▶ What is required: Reproduced exactly, the lines from the start of the material through the line containing "Bodystocking a maniche" should be the whole answer, with pictures excluded.

▶ Source data:
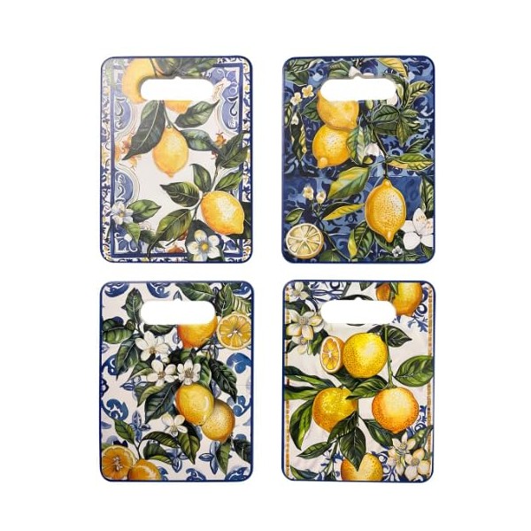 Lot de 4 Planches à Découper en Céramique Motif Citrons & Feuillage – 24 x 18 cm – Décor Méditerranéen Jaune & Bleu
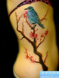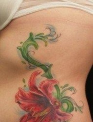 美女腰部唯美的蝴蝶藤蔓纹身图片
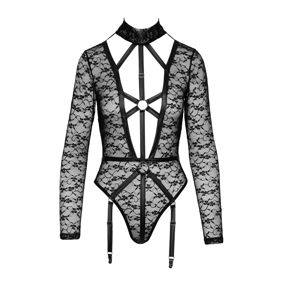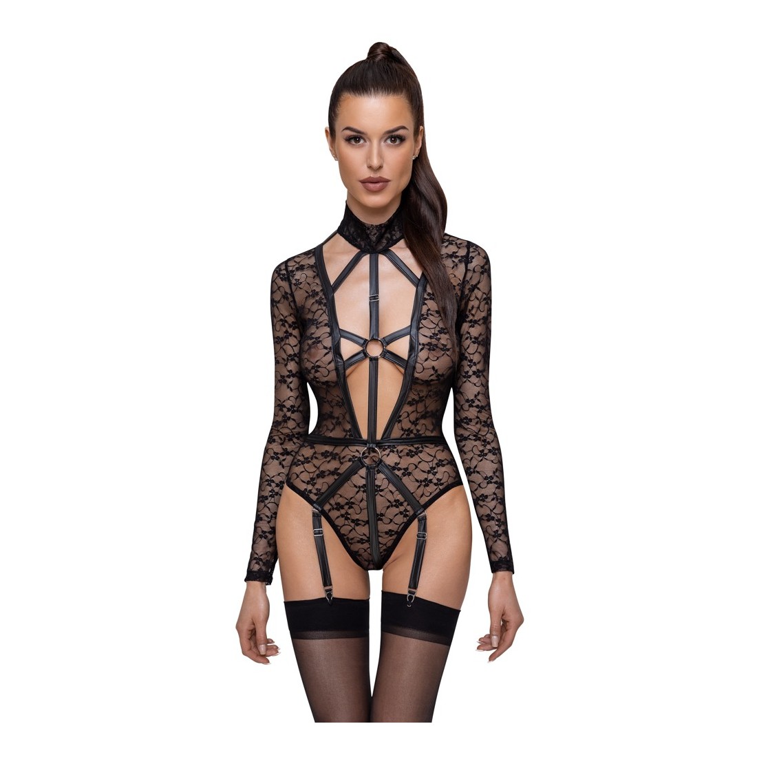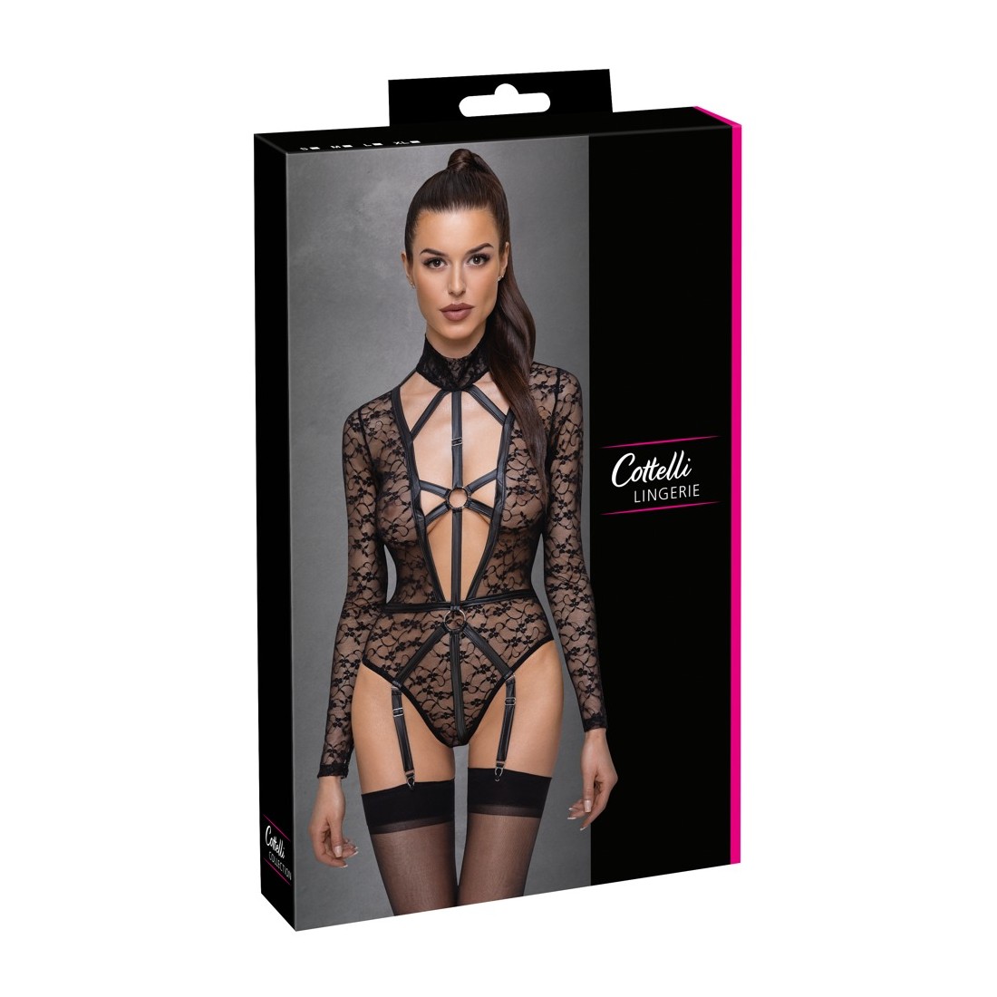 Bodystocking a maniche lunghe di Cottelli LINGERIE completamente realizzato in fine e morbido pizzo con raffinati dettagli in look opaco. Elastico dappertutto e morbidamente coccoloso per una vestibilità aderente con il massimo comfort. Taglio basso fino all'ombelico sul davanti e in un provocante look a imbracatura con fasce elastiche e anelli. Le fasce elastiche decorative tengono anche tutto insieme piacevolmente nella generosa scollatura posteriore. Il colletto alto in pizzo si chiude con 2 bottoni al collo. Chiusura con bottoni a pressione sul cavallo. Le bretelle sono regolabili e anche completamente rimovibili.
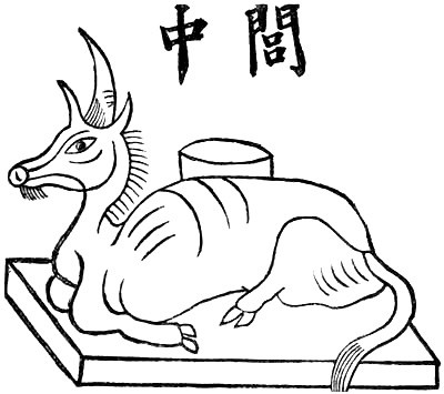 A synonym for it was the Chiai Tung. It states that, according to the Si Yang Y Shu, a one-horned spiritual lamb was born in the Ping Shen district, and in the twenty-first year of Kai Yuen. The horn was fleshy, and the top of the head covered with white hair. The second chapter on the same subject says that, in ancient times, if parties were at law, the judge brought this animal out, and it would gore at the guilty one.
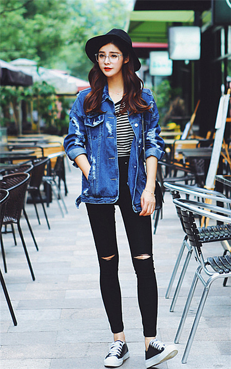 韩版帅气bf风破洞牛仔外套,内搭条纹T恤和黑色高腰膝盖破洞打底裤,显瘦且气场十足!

▶ Expected output:
 Lot de 4 Planches à Découper en Céramique Motif Citrons & Feuillage – 24 x 18 cm – Décor Méditerranéen Jaune & Bleu
 美女腰部唯美的蝴蝶藤蔓纹身图片
 Bodystocking a maniche lunghe di Cottelli LINGERIE completamente realizzato in fine e morbido pizzo con raffinati dettagli in look opaco. Elastico dappertutto e morbidamente coccoloso per una vestibilità aderente con il massimo comfort. Taglio basso fino all'ombelico sul davanti e in un provocante look a imbracatura con fasce elastiche e anelli. Le fasce elastiche decorative tengono anche tutto insieme piacevolmente nella generosa scollatura posteriore. Il colletto alto in pizzo si chiude con 2 bottoni al collo. Chiusura con bottoni a pressione sul cavallo. Le bretelle sono regolabili e anche completamente rimovibili.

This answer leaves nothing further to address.